(The problem) In the data below, find the line containing "双面羊毛大衣修身长款呢子大衣2019秋冬季女高档红色毛呢外套", then set down that line and every later line up to and including the line containing "En su exposición, resaltó", exactly.

··· Dataset records

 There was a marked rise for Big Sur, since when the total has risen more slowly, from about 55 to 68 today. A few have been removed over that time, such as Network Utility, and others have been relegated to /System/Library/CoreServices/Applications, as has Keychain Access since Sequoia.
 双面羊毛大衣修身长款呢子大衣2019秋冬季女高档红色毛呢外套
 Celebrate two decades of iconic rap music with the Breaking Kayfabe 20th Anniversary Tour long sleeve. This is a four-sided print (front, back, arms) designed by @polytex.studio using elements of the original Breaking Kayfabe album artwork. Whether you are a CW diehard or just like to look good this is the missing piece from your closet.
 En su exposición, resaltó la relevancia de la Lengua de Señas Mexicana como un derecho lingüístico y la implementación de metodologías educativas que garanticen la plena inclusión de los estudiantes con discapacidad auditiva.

······
··· Dataset records

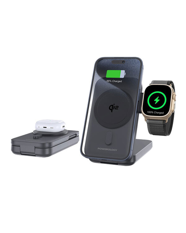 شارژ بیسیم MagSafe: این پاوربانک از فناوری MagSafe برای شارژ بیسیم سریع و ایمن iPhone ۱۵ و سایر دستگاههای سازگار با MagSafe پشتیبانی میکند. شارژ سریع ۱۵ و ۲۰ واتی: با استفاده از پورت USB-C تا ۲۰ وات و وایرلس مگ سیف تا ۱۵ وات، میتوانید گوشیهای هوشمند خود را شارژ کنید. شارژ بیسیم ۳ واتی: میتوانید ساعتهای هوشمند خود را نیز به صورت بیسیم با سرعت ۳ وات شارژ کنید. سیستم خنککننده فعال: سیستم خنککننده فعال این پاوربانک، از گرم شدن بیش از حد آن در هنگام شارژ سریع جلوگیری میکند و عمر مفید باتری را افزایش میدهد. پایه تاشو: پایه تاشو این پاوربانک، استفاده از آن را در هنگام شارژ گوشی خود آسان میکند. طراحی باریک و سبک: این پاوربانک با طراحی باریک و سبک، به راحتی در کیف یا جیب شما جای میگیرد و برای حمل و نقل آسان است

······

(Exercise result)
 双面羊毛大衣修身长款呢子大衣2019秋冬季女高档红色毛呢外套
 Celebrate two decades of iconic rap music with the Breaking Kayfabe 20th Anniversary Tour long sleeve. This is a four-sided print (front, back, arms) designed by @polytex.studio using elements of the original Breaking Kayfabe album artwork. Whether you are a CW diehard or just like to look good this is the missing piece from your closet.
 En su exposición, resaltó la relevancia de la Lengua de Señas Mexicana como un derecho lingüístico y la implementación de metodologías educativas que garanticen la plena inclusión de los estudiantes con discapacidad auditiva.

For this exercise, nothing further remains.